Performance vs. Post-Interview Behavior

One critical aspect of talent recruitment is discerning the difference between how candidates present themselves in interviews and how they behave once they’ve left the interview room. Interviews can sometimes be misleading, as candidates are often at their best—meticulously prepared, neatly presented, and highly cautious about their responses. We’ve experienced false positives before, but to be able to pick this up in the recruitment process prior to the job offer, is a great outcome. Sometimes, the real measure of a candidate often emerges in their post-interview interactions.

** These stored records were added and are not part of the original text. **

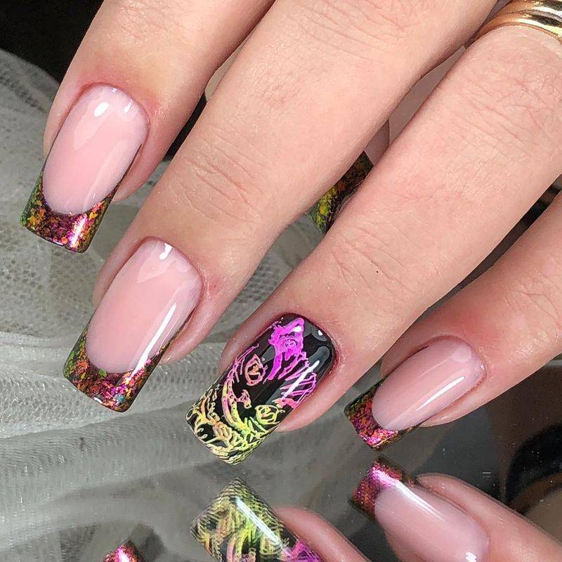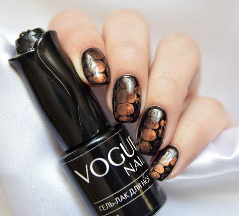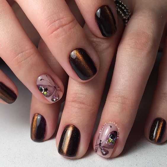 Данная цветовая гамма весьма специфическая, поэтому ее долгое время не использовали для создания такого маникюра. Но те мне менее сейчас это очень часто практикуется, а настоящие модницы в восторге от такого решения. Что касается декора, то нейл-мастера рекомендуют от него отказаться или же выбрать лаконичные детали в тон. Главное, чтобы они не были слишком контрастными.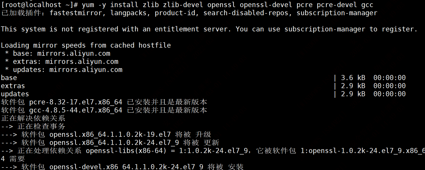 yum -y install zlib zlib-devel openssl openssl-devel pcre pcre-devel gcc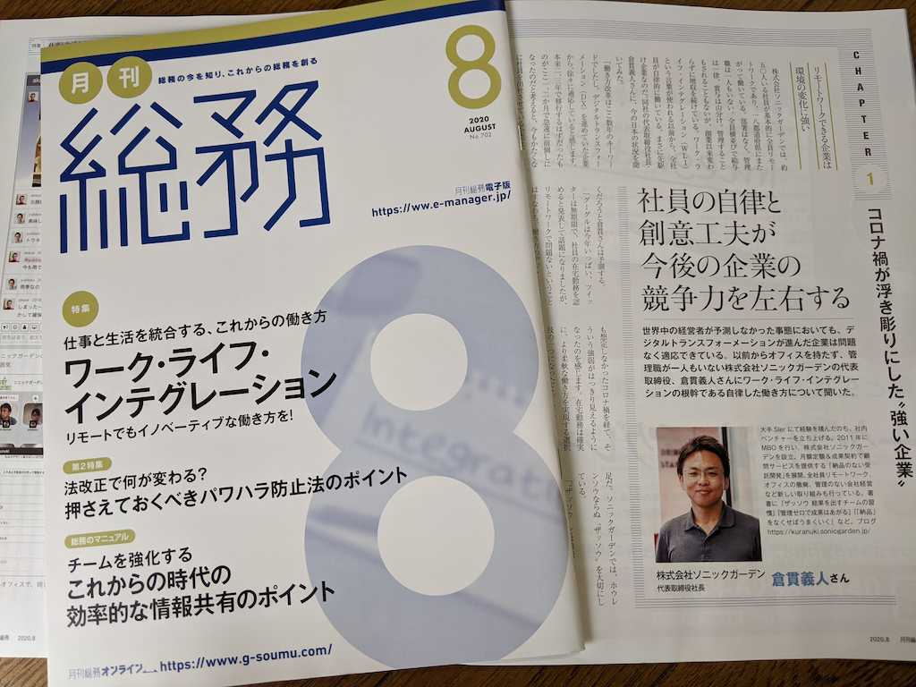 「月刊総務(8月号)」にて弊社代表の倉貫の取材記事が巻頭の特集に掲載されました 2020年07月08日 「月刊総務(8月号)」にて弊社代表の倉貫の取材記事が掲載されました。 「ナレッジワークの産業がこのまま育っていけば、 『企業の目標に賛同する社員同士が、フラットな関係で、セルフマネジメントにより成果を出していく』、そういう体制に変わっていくと思います」 月刊総務 巻頭の特集記事で、リモートワークに必須のセルフマネジメントについてお話しています。ぜひご覧ください。

Follow-up emails, the way they communicate informally, and how they respond to casual follow-up questions can reveal much more about their genuine character and suitability for a role. As mentioned above, we send out surveys to candidates after we interview them, one of the questions is ‘what salary would you need to be offered to accept this role’. Very rarely do we get a response from a candidate that is outside the salary range discussed with us at interview. Sometimes, however, a candidate will answer with a salary well above what was explained at interview. This is a big red flag and often results in us calling them directly to unpack this. 

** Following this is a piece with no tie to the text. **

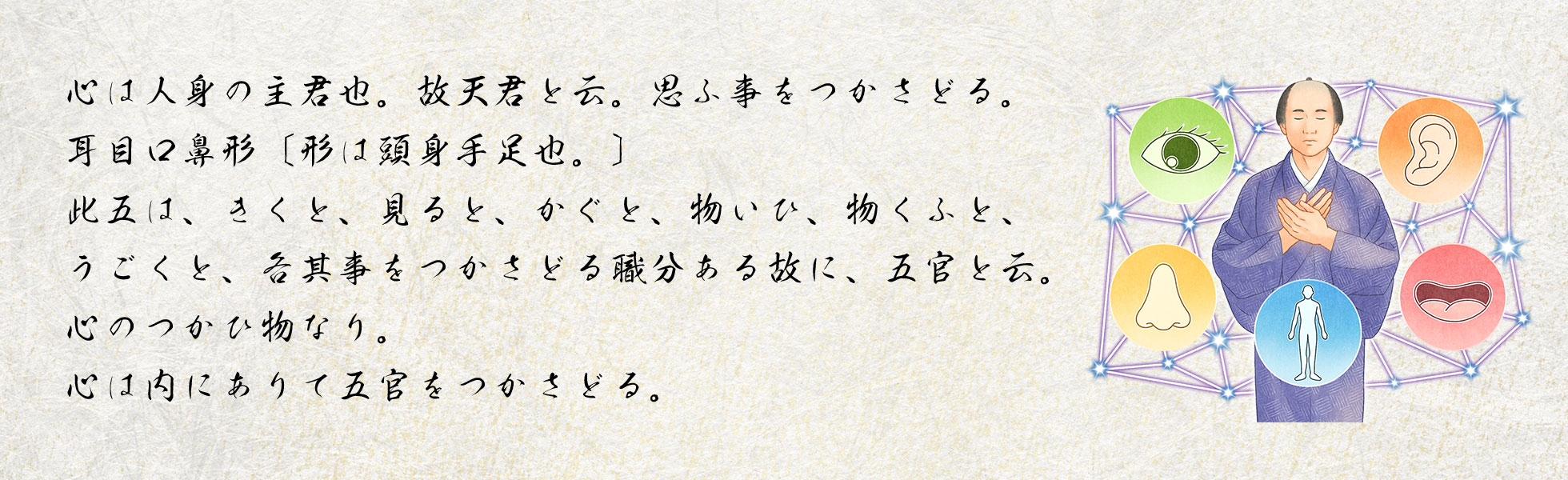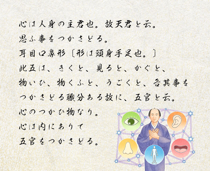 「心は人身の主君也。 故天君(ゆえにてんくん)と云(いう)。思ふ事をつかさどる。耳目口鼻形〔形は頭身手足也。〕此五は、きくと、見ると、かぐと、物いひ、物くふと、うごくと、各其(その)事をつかさどる職分ある故に、五官と云。心のつかひ物なり。心は内にありて五官をつかさどる。」

The Courage to Reassess Candidate Fit

Admitting an error in judgment is a daunting prospect in any profession, particularly in talent recruitment as a Recruitment Consultant, where decisions are frequently scrutinised. The ability to pick up the phone and reassess a candidate’s suitability can be uncomfortable. It may feel like a step back or even a personal failure. However, admitting a mistake in candidate assessment should not be seen as losing face but rather as a commitment to integrity and the long-term success of the organisation.

Consider the scenario of a false positive—where a candidate seemed perfect on paper and performed exceptionally well in the interview but later showed signs of not aligning with the company’s values or team dynamics. Recognising this mistake early and acting on it not only saves the company from potential future conflicts but also protects the candidate from entering a job where they may not succeed.

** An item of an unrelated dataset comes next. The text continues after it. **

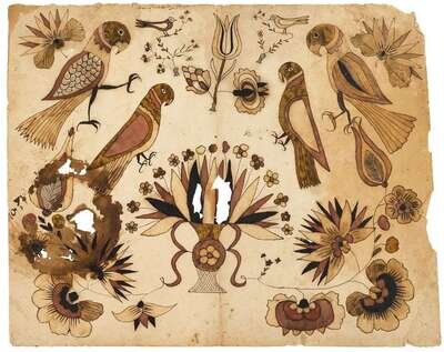 Fraktur: Drawing of Birds and Flowers early 19th century
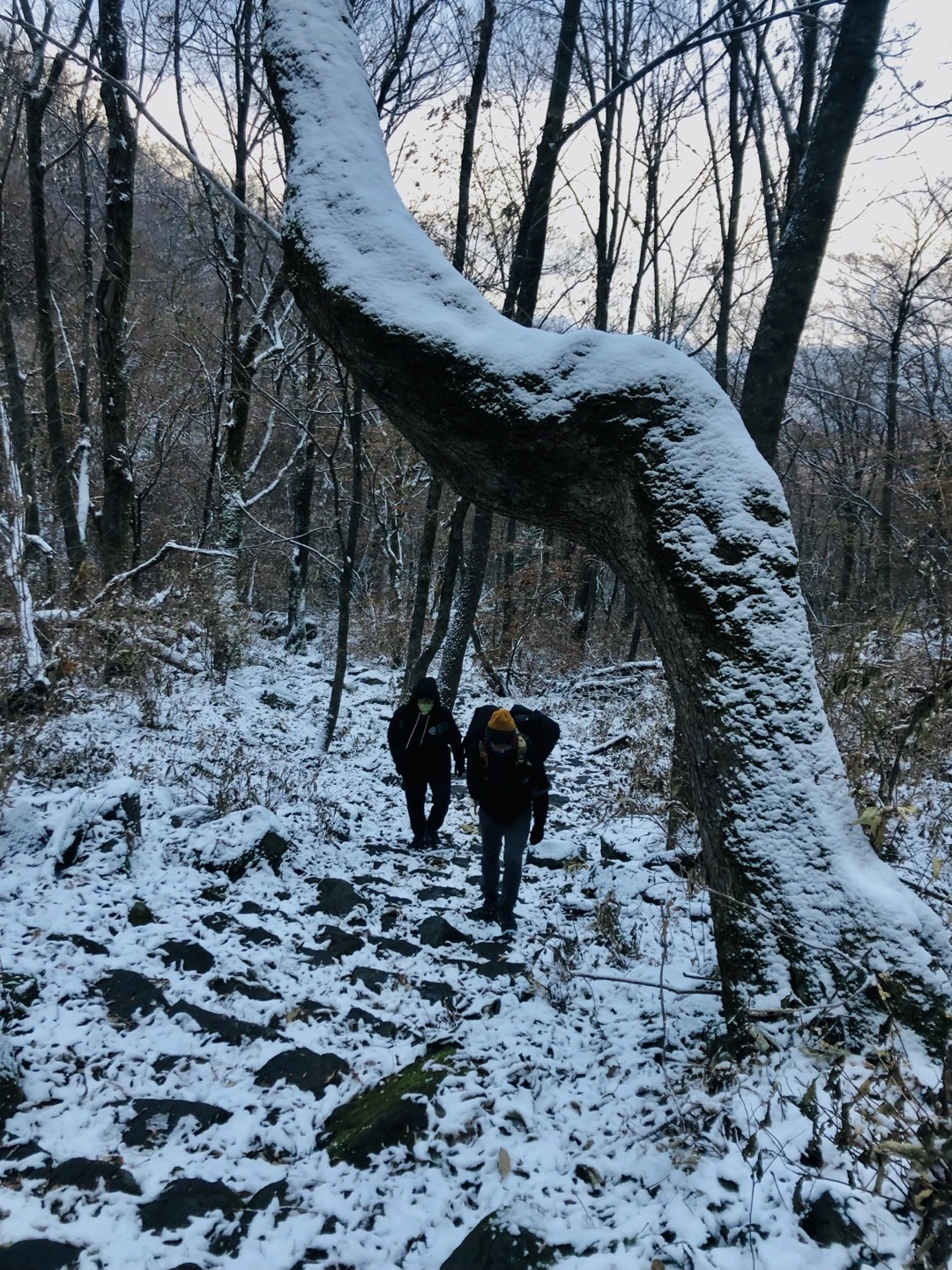 애써 독려하며 함께 걷는다. 걷다 보니 금세 동이 터 온다. 여명의 신비로움과 겨울 깊은 산의 신선함이 가슴을 정화시켜준다. 눈까지 소복이 내린다. 오늘 운이 좋다. 어둠의 길을 지나 단풍 빗길을 걷고 겨울눈 쌓인 고요한 길을 간다. 그런데 경석이가 안 보인다. 이 녀석 천천히 같이 걷자 했더니 벌써 혼자 올라갔나. 꾸역꾸역 가기 싫은 걸음을 내딛는 현태를 앞뒤로 챙기며 한참을 가니, 저만치 위에서 경석이가 웃으며 혼자 말랑카우를 먹으며 웃고 있다. 혹여 경석이가 짜증 낼까 미리 예방주사를 놓는다.

Pulling the Pin: Quality Over Quantity

In the quest to fill positions, there’s often a push to line up as many candidates as possible for the final rounds of interviews. However, quality should always trump quantity. It’s vital to be selective early in the process, pulling the pin on candidates who might not be the perfect fit rather than pushing them through to meet quota or fill interview slots. This approach ensures that those who make it to the final stages are genuinely the best fit for the position and the company culture.

It’s about listening to not just what is said during the interview but also observing what happens afterward. Does the candidate follow up? Are they still enthusiastic about the role? Do they continue to engage in a way that reinforces their initial presentation? These observations are crucial.


Talent recruitment is as much about strategy and skill as it is about intuition and honesty. Like a good poker player, a skilled recruiter knows when to hold onto a promising candidate and when to fold when something doesn’t feel right. This happened to me recently when I had presented a candidate to a client for a CEO role, and post-interview (with me) behaviour of the candidate with me made me realise that they weren’t the right fit for the job, so I ‘pulled them’. It was a difficult conversation to have both with the candidate, when I’d presented them to my client, and also the client. I do believe it built respect with my client however, which is a good thing. Showed that I’m not going to present just anyone, that they need to ‘fit the spec’ or I won’t present them. Talent recruitment involves a continuous learning curve and the humility to acknowledge that not every hand can be a winning one—but with the right approach, the odds of success can be significantly improved.

In navigating executive search and recruitment, recruiters must rely on a robust collection of data, an understanding of human behavior, and the courage to make tough calls. Only then can they truly play their best hand in the recruitment poker.